Georgia, in 1996, made it a crime to use in emails false identifying information and the use of trademarks, logos or copyrighted symbols without permission. The law’s constitutionality was challenged by the American Civil Liberties Union (ACLU) in U.S. District Court and sought an injunction. The ACLU alleged that the law was unconstitutional since it restricted the use of web links with its ban on trademarks and trade names, unreasonably burdened anonymous speech and allowed for selective prosecution. Ultimately, the Court ruled the language of Georgia’s statues was too vague and broad, not specific enough to limit only fraudulent speech.
In contrast to Georgia, a court in Washington State confirmed that the state anti-spam law did not violate First Amendment rights. The case involved a business in Oregon spamming residents in Washington. Eventually a state appellate court found the subject line in the spammers’ emails was misleading since it deceived recipients into believing the emails were from friends or contained confidential information. In fact, the email contained advertisements.
Washington’s statue, drawn specifically to regulate deceptive commercial speech, passed the constitutional test.
A state court ruling in Maryland confirmed the state’s anti-spam statute was valid, since commercial speech was less protected than other forms of speech and that commercial speech had no protection when it was demonstrably false.
A different wrinkle in the commercial free speech argument occurred in Virginia. There, the Virginia Supreme Court ruled their states’ anti-spam law was not constitutional since it banned the use of false routing information — disguising the identity — of the sender. The court held that in the case under review, the state law as written was not limited specifically to commercial email and thus speech from an anonymous sender was protected.

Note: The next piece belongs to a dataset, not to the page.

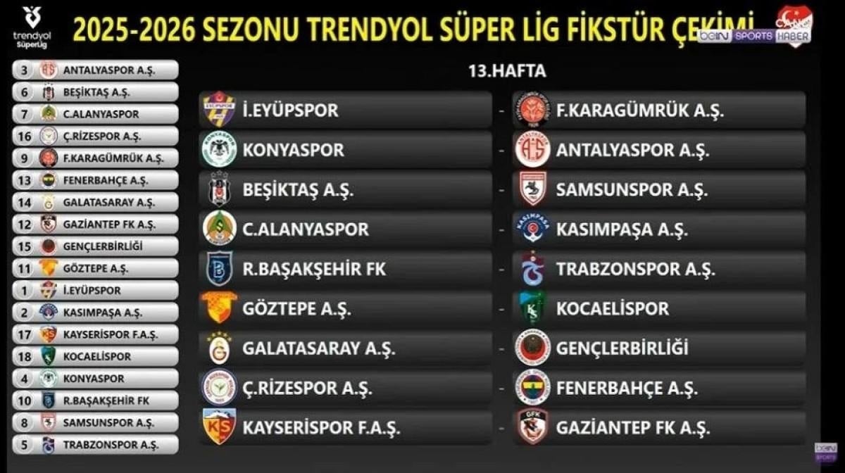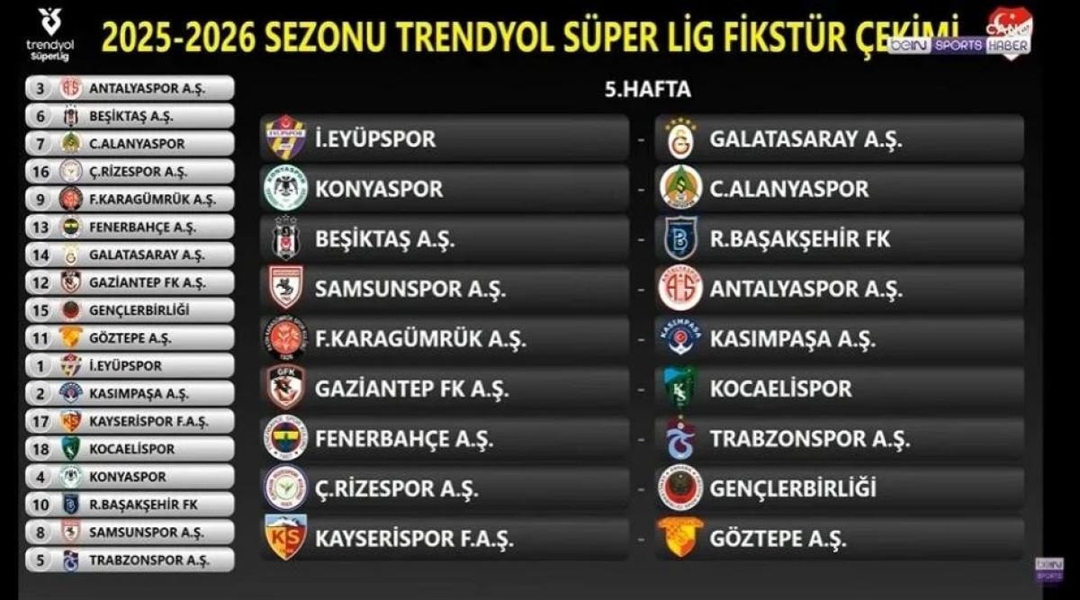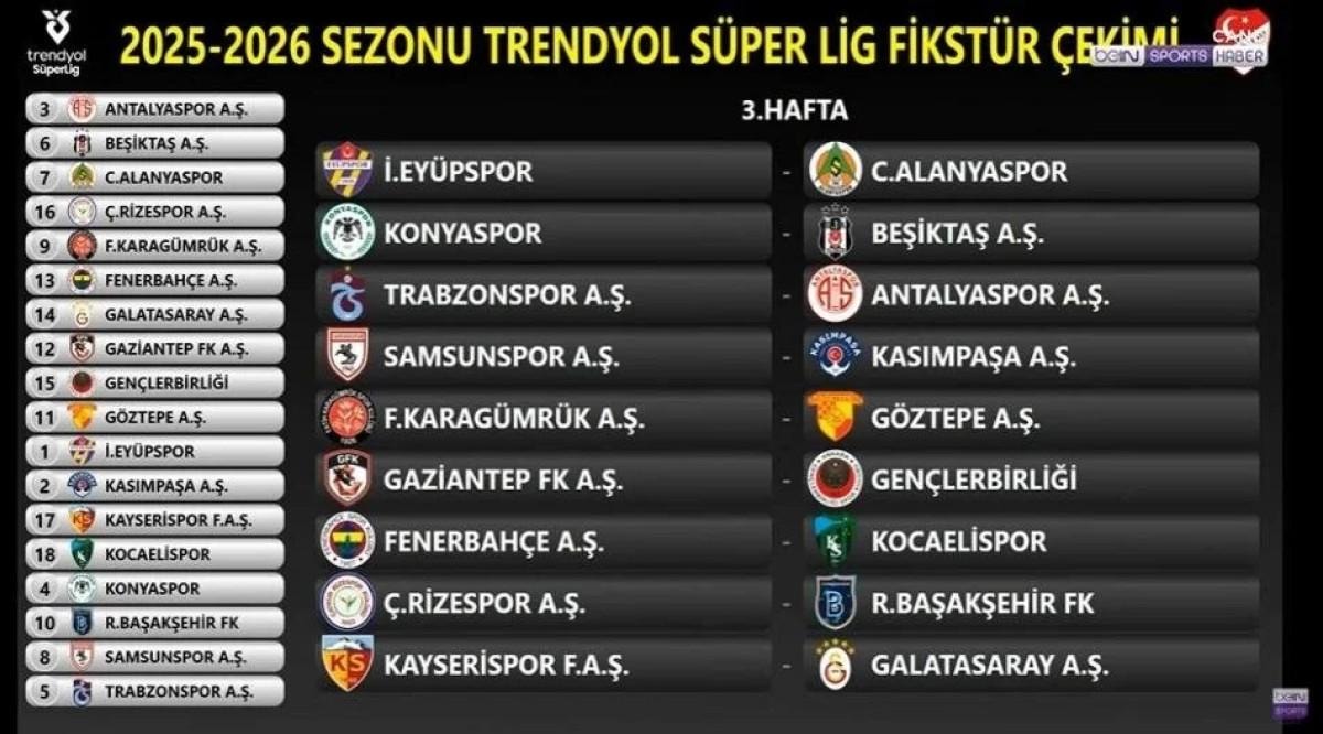Süper Lig'de 2025-2026 sezonu fikstür çekimi, Türkiye Futbol Federasyonu (TFF) Riva Hasan Doğan Milli Takımlar Kamp ve Eğitim Tesisleri'nde gerçekleştirildi.

Following the twists and turns of litigation in various state courts can be confusing. But one thing is clear: carefully written statues that focus on false commercial messages are constitutionally valid. And none of those laws have slowed the volume of lawful commercial emails flooding everyone’s inbox.
This summary is based on a new article, published in Communication Law and Policy, by Telecommunication Professor Jasmine McNealy titled “Spam and the First Amendment Redux: Free Speech Issues in State Regulation of Unsolicited Email”
Jasmine McNealy is an assistant professor in the Department of Telecommunication where she studies information, communication, and technology with a view toward influencing law and policy. Her research focuses on privacy, online media, and communities.